Sepupu saya yang rajin salat mengaku tidak pernah bisa salat dengan khusyuk. Saya tanya apa yang merisaukan pikirannya. Dia bilang, tidak ada. Saya ubah pertanyaannya: Mengapa kamu salat?

Pertanyaan itu ternyata ampuh untuk memancing sepupu saya berterus-terang tentang duduk persoalannya. Ia sedang menghadapi masalah hidup yang berat, dan tidak menemukan jalan lain selain mengadu kepada Tuhan di atas sajadah.

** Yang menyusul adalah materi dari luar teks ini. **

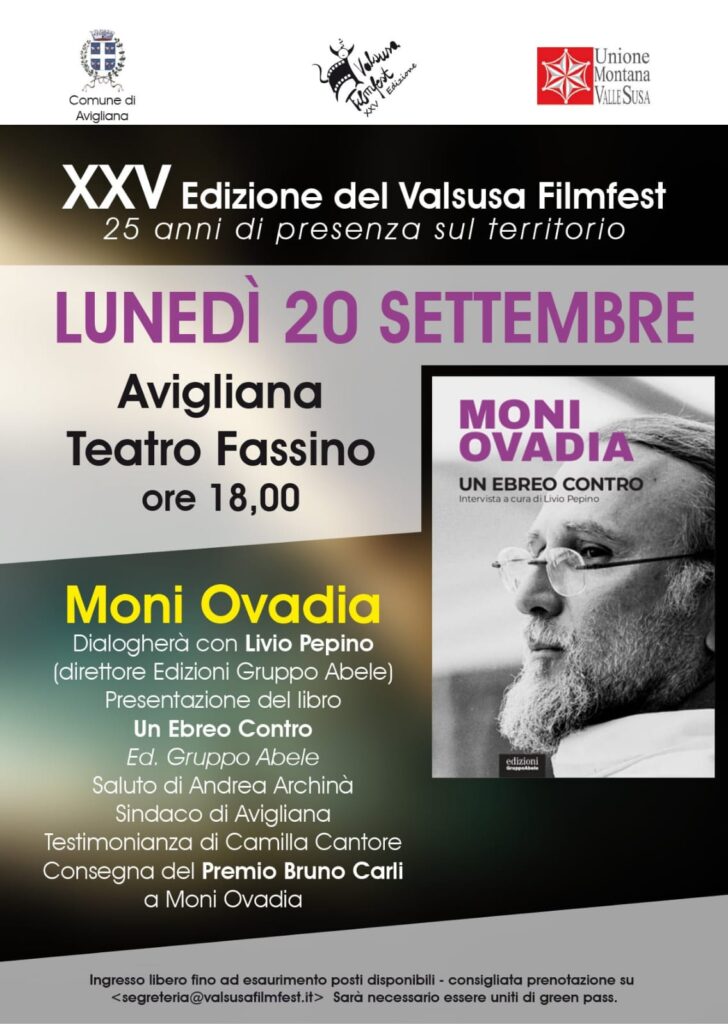 Lunedì 20 settembre è in programma un incontro con Moni Ovadia, alle 18 al teatro Fassino di Avigliana organizzato in collaborazione con il Comune di Avigliana e l’Unione Montana Valle Susa
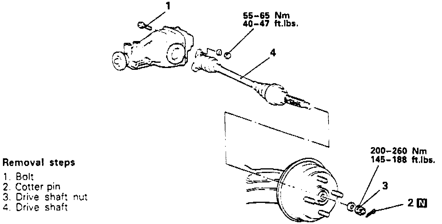 7. Reverse procedure to install, torquing companion flange bolts to 40-47 ft. lbs. and driveshaft nut to 145-188 ft. lbs.
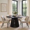Bring cutting-edge style and effortless modern panache into your dining room, and give your intimate dining experiences with friends, family, and guests an unforgettable contemporary feel with the gorgeously handcrafted dining table from our Ridge collection. This piece comes uniquely designed with a one-of-a-kind slatted wood construction at its base, and it is comprised of multiple wood slats that are artfully turned, tilted, and repeated in a dazzling circular pattern. The natural mango wood grain details are finished in a classy, tasteful jet-black coloration to accentuate but not overwhelm. Order today from our premier Ridge collection and imbue your interior decor with subtle touches of luxury, modernism, and charisma.
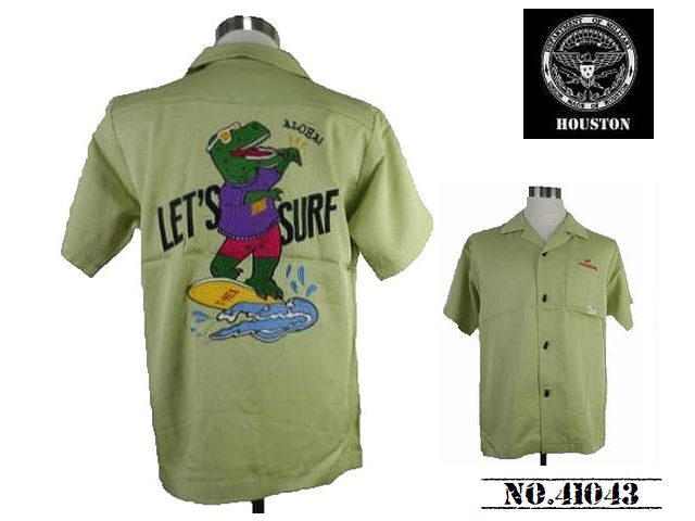 > 【送料無料 44%OFF】HOUSTON ヒューストン 刺繍ボウリングシャツ (ボーリングシャツ) 「DINOSAUR」柄 NO.41043 LIME GREEN_Lサイズ
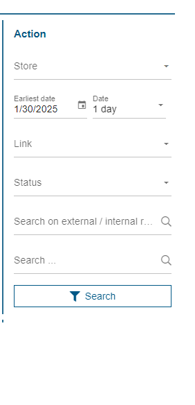 - Search on external / internal reference: search on the "Internal reference" and "External reference" columns (attention exact search)
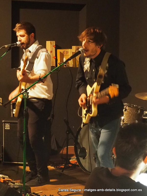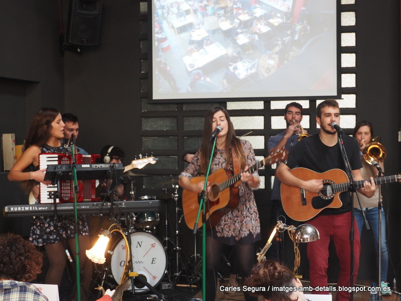 Els següents en actuar, són Sense Sal i no puc deixar de pensar que, amb un escenari tant reduït, igual tenen problemes situar-se. Les proves de so, s’escolten genial i per fi, comença l’actuació. El ritme i l’energia de les seves cançons semblen passejar-se de fulla en fulla, entre els llàpissos i els pinzells i ens fan recordar Algun lloc al món (Autoeditat). Cada vegada hi ha més gent i com ens han avisat que, la zona dels il·lustradors, tot i estar delimitada, està oberta a tothom perquè, en petits grups de 4 o 5 persones, puguin veure de prop les obres dels dibuixants, la gent es passeja entre les taules observant els il·lustradors. Tothom canta amb ells i quasi, sense adornar-nos, el concert arriba al final. Tot i que vaig estar al Tradicionarius, a l’estrena del disc, he de reconèixer que avui m’han agradat molt més tenir-los tan a prop i especialment perquè per fi he aconseguit trencar el món virtual amb l’Alicia.
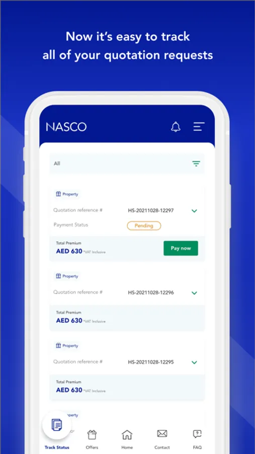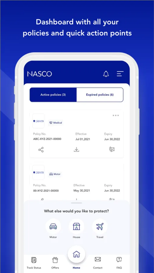 Nasco Connect provides you with the details of your medical, motor, travel and home insurance policies. You can also request quotation and purchase new policies in seconds.
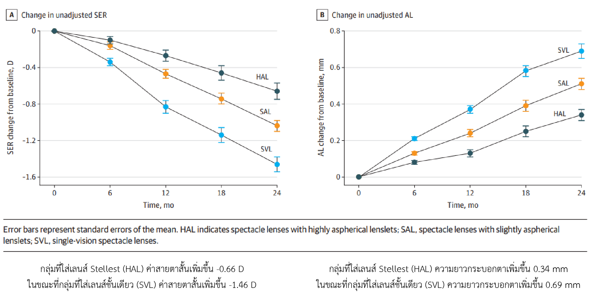 เด็กที่ใส่เลนส์ Stellest เป็นระยะเวลาต่อเนื่อง 5 ปี มีการเพิ่มขึ้นของสายตาสั้น -1.27 D และกระบอกตายาวขึ้น 0.67 mm
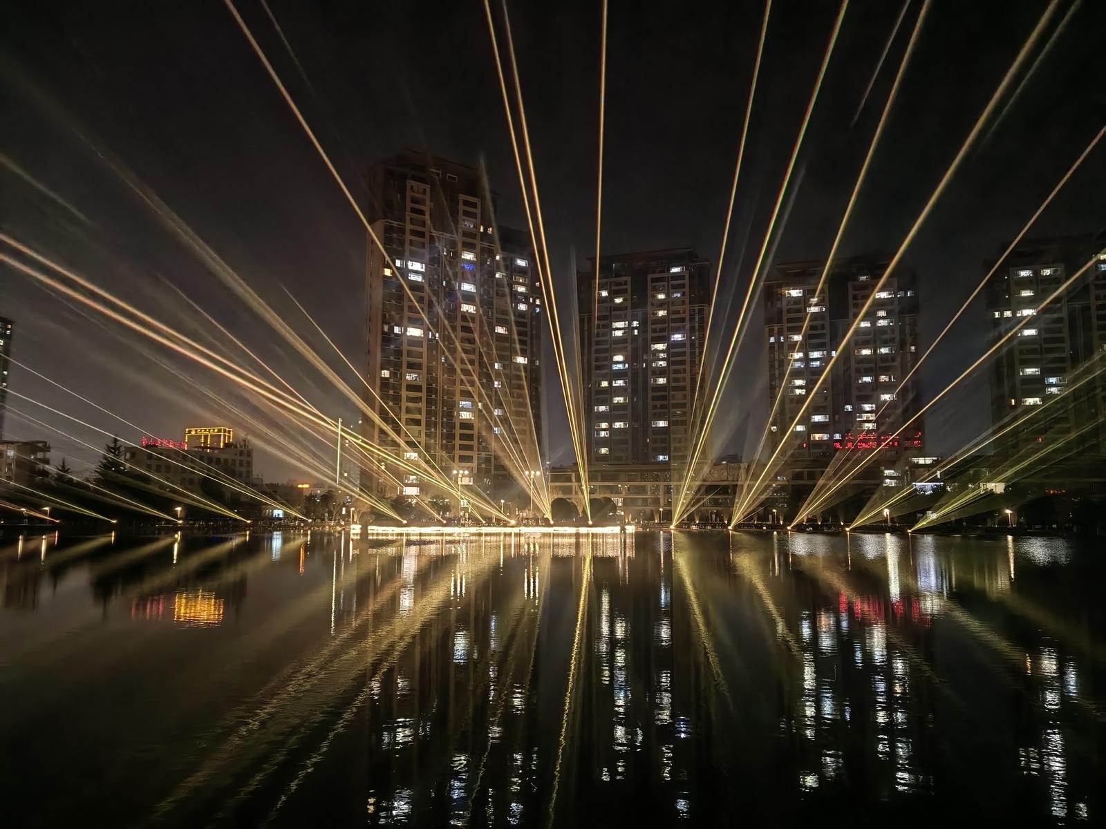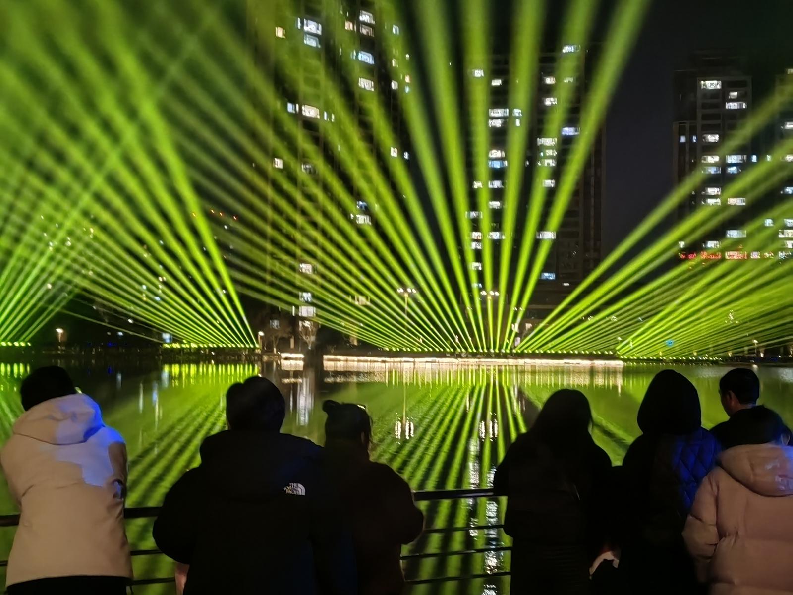 夜色漸濃,燈光秀開啟視覺盛宴。400臺光束燈與16臺激光燈劃破夜空,伴隨著古典與現(xiàn)代交融的音樂,變幻出五彩斑斕的光影圖案,將公園的水面、亭臺與夜空裝點得如夢如幻。光影流轉間,濃濃的“馬年”元素與新春祝福交織其中,引得現(xiàn)場市民陣陣驚嘆。
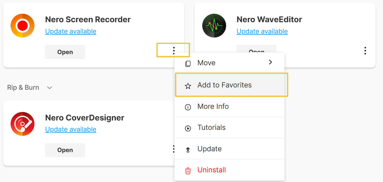 - Retrouvez toutes les applications que vous avez sélectionnées dans l'onglet « Favoris ».
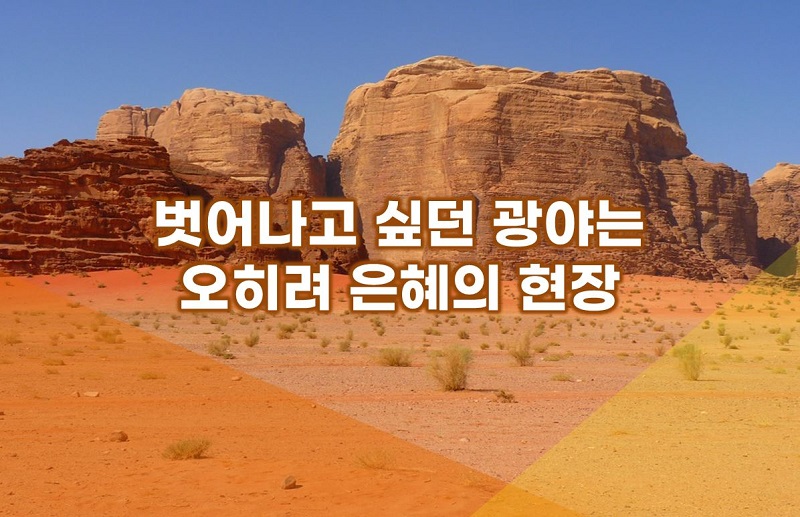 광야는 애굽을 탈출한 히브리 백성이 가나안의 누림을 위해 자격을 구비하고자 훈련 받는 장소다. 그들은 원래 애굽에서 노예 생활을 하던 천민 집단(하비루)이었다. 유브라데 강을 건넌 아브라함에게서 시작된 히브리란 명칭은 선민을 나타내는 표현으로서 바울 자신도 스스로 ‘히브리인 중의 히브리인’이라 할 정도로 오랜 역사적 배경을 지니고 있다. 하나님이 그들의 조상 아브라함에게 하셨던 약속을 성취코자 430년간 종살이하던 히브리 백성을 돌아보셨다. 하나님의 권능이 애굽의 신들을 심판함으로 촉발된 출애굽은 장자와 모든 생물의 처음 난 것이 죽는 재앙에서 절정을 이루었다. 투항의 백기를 든 애굽의 바로는 엄청난 노동력이 빠져나가는 것을 속수무책으로 바라보았다. 히브리 백성은 압제의 쇠사슬에서 놓여나 드디어 자유민이 되었다. 전 민족이 풍요롭게 살 수 있는 축복의 땅까지 예비 되어 있었다. 광야는 애굽에서 형성된 노예근성을 뿌리 채 뽑아내기 위한 훈련소로서는 아주 적합한 곳이었다. 하나님이 마련하신 훈련과목은 녹록치가 않았다. 그들이 힘겨워 역반응을 보일 때는 기적적인 돌보심이란 안전장치까지 준비하셨다.
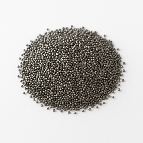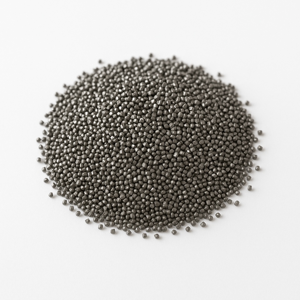 Cold rolled, round steel shot. Black color with a size range of 1.40-0.30 mm. Material is steel, processed using a cold rolling technique.
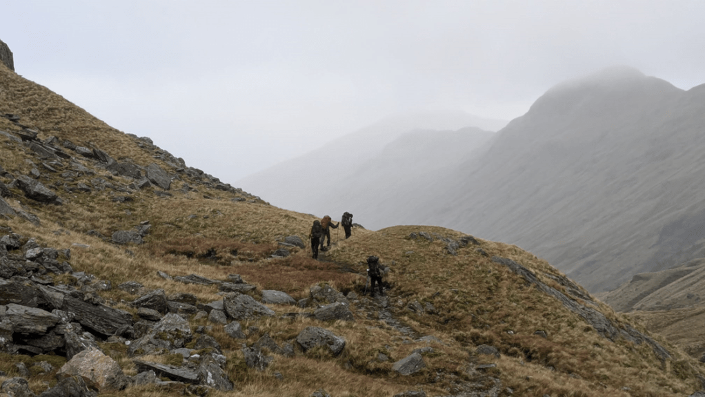 After our wonderful walk through the forest, we entered Bealach an Lagin Duibh (or what John likes to call it, and a much more fitting name ,THE GATES OF DOOM). Which looks quite nice at first, until you venture deeper and it becomes a boggy, squishy, squelchy mess of constant ups and downs. After around 2 hours and travelling about 2.5 kilometers we stopped for a quick bite at a river where we met Nigel’s group and discussed how horrible the terrain was. After 5 mins Nigel left our little lunch spot along group to continue with their long, slow adventure (which we would follow 10 mins later) with the good news that Sourlies bothy, our main stop, was only 1km away and then all we had to do was climb halfway up a 946 meter tall Munro, it being 3:30 PM we figured that we had loads of time to do all that.

“Kalau mau menghadap kepadaNya, kamu harus suci. Suci bukan sekadar dengan berwudu membersihkan badan lahiriah, tapi juga badan batiniah. Kamu harus benar-benar kosong dari apa pun selain Allah! Salatlah dengan perasaan sabar, ikhlas dan tawakal. Tawakal itu artinya ‘mewakilkan’ semua masalah, hidup dan mati kamu kepadaNya. Tanggalkan pikiran kamu yang mengembara tanpa arah. Lepaskan dan relakan. Let golet God!” kata saya, mengutip kata-kata seorang Sufi untuk menasihati dia yang pikirannya amat kemrungsung (kacau).

Sekarang, bila pikiran Anda sedang berwisata ke destinasi yang tidak jelas nan berbahaya bagi kesehatan jasmani dan rohani Anda, tenangkan diri Anda dan mengembaralah ke jagat diri yang senantiasa dicahayai petunjukNya.©


Mampang Prapatan XI, Jakarta Selatan, 6 Februari 2012


*) Catatan berjudul sama pernah saya tulis jauh sebelum ini, namun dengan konten yang sama sekali berbeda. Untuk membedakannya, saya cantumkan angka ‘2’ di sebelah judul di atas.